X g of nitrobenzene on nitration gave 4.2 g of m-dinitrobenzene. X = ________ g. (nearest integer)
[Given: molar mass (in g mol$$^{-1}$$) C: 12, H: 1, O: 16, N: 14]

For the conversion of nitrobenzene to m-dinitrobenzene, the nitration reaction is:

$$C_6H_5NO_2 + HNO_3 \rightarrow C_6H_4(NO_2)_2 + H_2O$$

This shows a $$1{:}1$$ molar ratio between nitrobenzene and m-dinitrobenzene.
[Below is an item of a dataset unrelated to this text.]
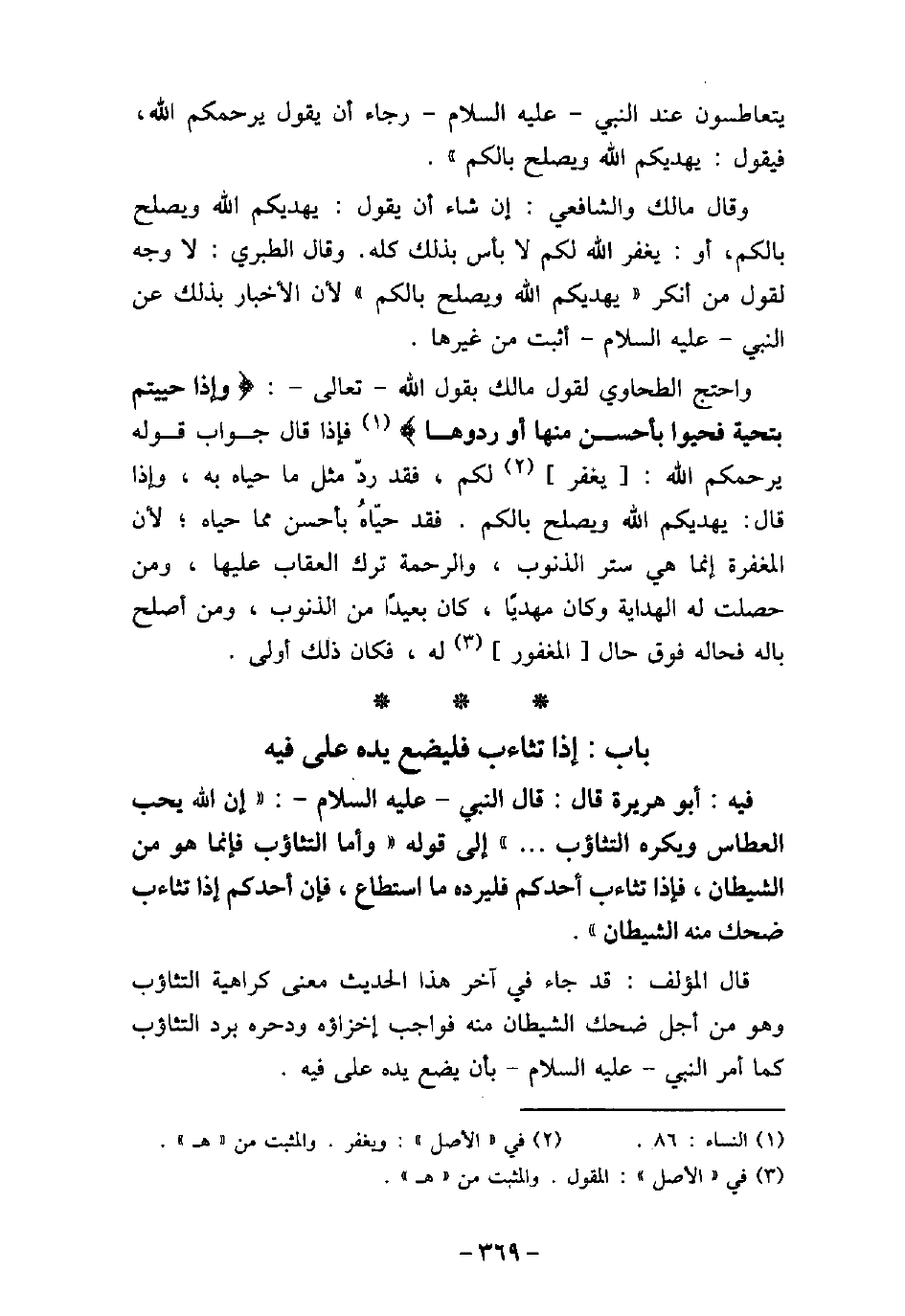 / 221 - فيه: أَبُو هُرَيْرَةَ، قَالَ: قَالَ النَّبِى (صلى الله عليه وسلم) : (إِنَّ اللَّهَ يُحِبُّ الْعُطَاسَ، وَيَكْرَهُ التَّثَاؤُبَ. . .) إلى قوله: (وَأَمَّا التَّثَاؤُبُ، فَإِنَّمَا هُوَ مِنَ الشَّيْطَانِ، فَإِذَا تَثَاءَبَ أَحَدُكُمْ، فَلْيَرُدَّهُ مَا اسْتَطَاعَ، فَإِنَّ أَحَدَكُمْ إِذَا تَثَاءَبَ، ضَحِكَ مِنْهُ الشَّيْطَانُ) . قال المؤلف: قد جاء فى آخر هذا الحديث معنى كراهية التثاءب وهو من أجل ضحك الشيطان منه فواجب إخزاؤه ودحره برد التثاؤب كما أمر النبى عليه السلام بأن يضع يده على فيه.

Step 1: Calculate the molar mass of nitrobenzene, $$C_6H_5NO_2$$.
$$M_{\text{nitrobenzene}} = 6(12) + 5(1) + 1(14) + 2(16) = 72 + 5 + 14 + 32 = 123\ \text{g mol}^{-1}$$

Step 2: Calculate the molar mass of m-dinitrobenzene, $$C_6H_4(NO_2)_2$$.
$$M_{\text{dinitro}} = 6(12) + 4(1) + 2(14) + 4(16) = 72 + 4 + 28 + 64 = 168\ \text{g mol}^{-1}$$

Step 3: Use the stoichiometric mass ratio.
$$123\ \text{g nitrobenzene} \longrightarrow 168\ \text{g dinitrobenzene}$$

Step 4: For a yield of $$4.2\ \text{g}$$ of m-dinitrobenzene, the required mass of nitrobenzene is

$$X = 4.2 \times \frac{123}{168}\ \text{g}$$

$$X = 4.2 \times 0.7321\ (\text{since }123/168 = 0.7321)$$

$$X = 3.075\ \text{g}$$

Step 5: Rounding to the nearest integer:

$$X \approx 3\ \text{g}$$

Hence, the required mass of nitrobenzene is $$\mathbf{3\ g}$$.